= Latinos in Riverside County =

Riverside County extends out to the California-Arizona border

Latino Task Force Report in the Year 2000-Health Promotion Objectives and Recommendations for California

The Inland Empire is one of California's growing regions with a diverse population. Riverside County is now recognized for its longstanding Latino Community. This community was built by pioneering immigrants, migrant workers and entrepreneurs, community organizers and civil rights leaders, teachers and artists, business owners, and volunteers over several generations. For over 100 years, the Latino community has played a role in Riverside county's development and economic growth. Latinos have established and grown communities and in 2024, Latinos made up 52.96 percent of Riverside's population.

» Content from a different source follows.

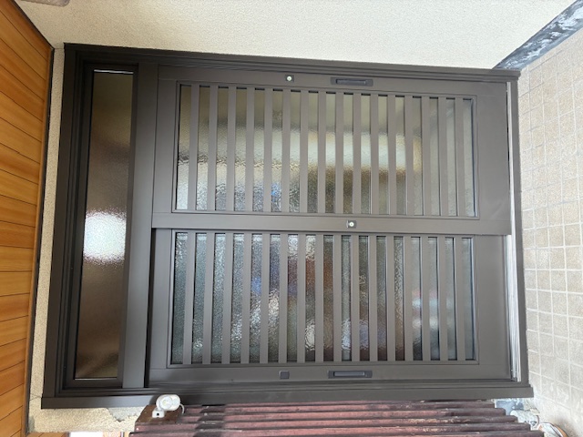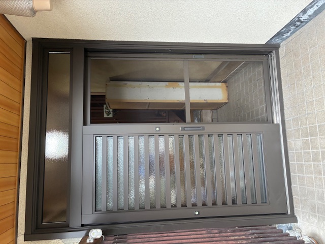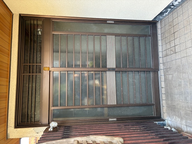 縁側木製建具を、アルミサッシ+防犯ガラスに取り替え。見えにくいですがランマ部もガラスを入れて二重に!

== Emergence of the Latino community in Riverside County ==
Riverside County, like many areas of the Southwestern United States, has a varied history of migration, habitation, development, and inter-cultural conflict. Indigenous groups such as the Gabrielino-Tongva, Cachuilla-Lusieno, and Serrano people inhabited coastal Southern California to the Los Angeles and Santa Ana river basins. In the late-1700's, the Spanish introduced the mission system, which simultaneously strove to convert Indigenous communities to Christianity while using their labor to advance Spain's colonial project. The Spanish missions in California was the beginning of generations of injustice for nonwhites in what would become Riverside County. Over time, increasing encroachment on Native land by European and Anglo-American settlers pushed Indigenous communities further east. Despite this history of marginalization and displacement, groups like the Cahuilla Band of Indians and Soboba Band of Luiseno Indians have created thriving communities and industries in the eastern part of Riverside County.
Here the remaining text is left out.